What this task involves: From the first line to the last, give the material again exactly, without the images.

BEGIN Data

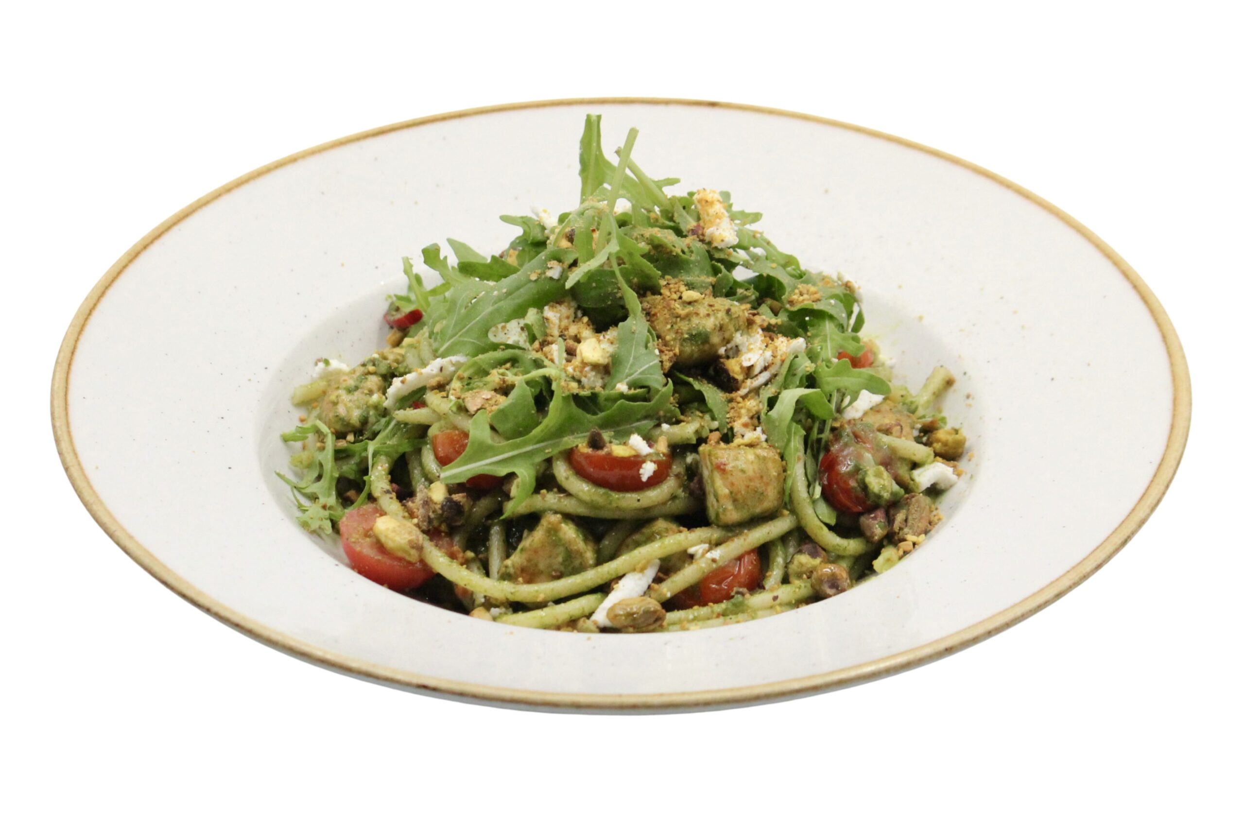 kurczak, gorgonzola, groszek, białe szparagi, brokuł, cebula, czosnek, orzechy włoskie, rukolą, sos śmietanowy / ok. 450 g
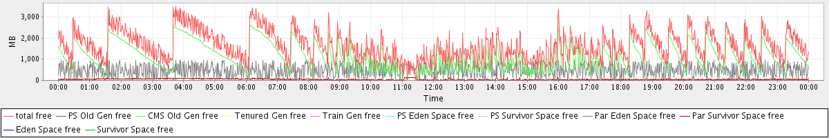 avg(total free) = 1648.08 avg(PS Old Gen free) = 0.00 avg(CMS Old Gen free) = 1127.19 avg(Tenured Gen free) = 0.00 avg(Train Gen free) = 0.00 avg(PS Eden Space free) = 0.00 avg(PS Survivor Space free) = 0.00 avg(Par Eden Space free) = 476.22 avg(Par Survivor Space free) = 44.67 avg(Eden Space free) = 0.00 avg(Survivor Space free) = 0.00
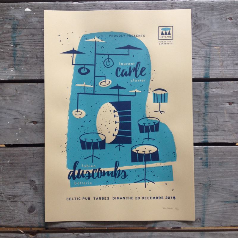 En 2013 creó su taller de serigrafía y risografía con la idea de diversificar su negocio, en el que auna sus dos pasiones, el diseño y el jazz, produciendo posters que viajan a todas partes del mundo.

END Data

Response for this exercise:
 kurczak, gorgonzola, groszek, białe szparagi, brokuł, cebula, czosnek, orzechy włoskie, rukolą, sos śmietanowy / ok. 450 g
 avg(total free) = 1648.08 avg(PS Old Gen free) = 0.00 avg(CMS Old Gen free) = 1127.19 avg(Tenured Gen free) = 0.00 avg(Train Gen free) = 0.00 avg(PS Eden Space free) = 0.00 avg(PS Survivor Space free) = 0.00 avg(Par Eden Space free) = 476.22 avg(Par Survivor Space free) = 44.67 avg(Eden Space free) = 0.00 avg(Survivor Space free) = 0.00
 En 2013 creó su taller de serigrafía y risografía con la idea de diversificar su negocio, en el que auna sus dos pasiones, el diseño y el jazz, produciendo posters que viajan a todas partes del mundo.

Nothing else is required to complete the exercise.